As opposed to a few hundred thousand or whatever in seven swing states making the rest of the country irrelevant? Yeah, right.
Nor was that the only consideration when the EC was envisaged. You have been held prisoner by a hastily conceived system.
The partisan parties in the states, enabled by the Constitution, have made getting on ballots such a performance as to deter viable challenges to their rice bowls.
The Founding Fathers had to compromise when it came to devising a system to elect the president.
www.history.com
At the time of the Philadelphia convention, no other country in the world directly elected its chief executive, so the delegates were wading into uncharted territory. Further complicating the task was a deep-rooted distrust of executive power. After all, the fledgling nation had just fought its way out from under a tyrannical king and overreaching colonial governors. They didn’t want another despot on their hands.
One group of delegates felt strongly that Congress shouldn’t have anything to do with picking the president.
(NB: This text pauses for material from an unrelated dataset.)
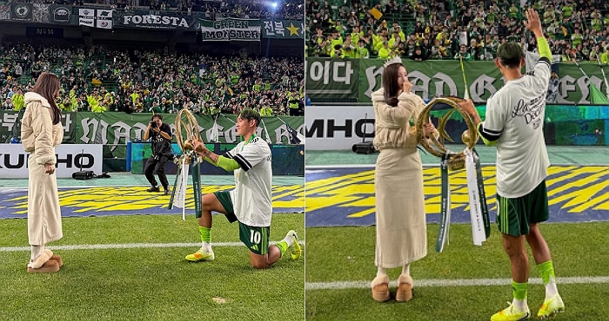 공개된 사진에는 전북 현대 송민규가 경기 후 곽민선에게 우승 트로피를 건네며 프러포즈하는 모습이 담겨 있습니다. 곽민선은 손으로 얼굴을 가리며 기쁨을 감추지 못하는 모습을 보였습니다.

Too much opportunity for chummy corruption between the executive and legislative branches.
Another camp was dead set against letting the people elect the president by a straight popular vote. First, they thought 18th-century voters lacked the resources to be fully informed about the candidates, especially in rural outposts. Second, they feared a headstrong “democratic mob” steering the country astray. And third, a populist president appealing directly to the people could command dangerous amounts of power.
Out of those drawn-out debates came a compromise based on the idea of electoral intermediaries. These intermediaries wouldn’t be picked by Congress or elected by the people. Instead, the states would each appoint independent “electors” who would cast the actual ballots for the presidency.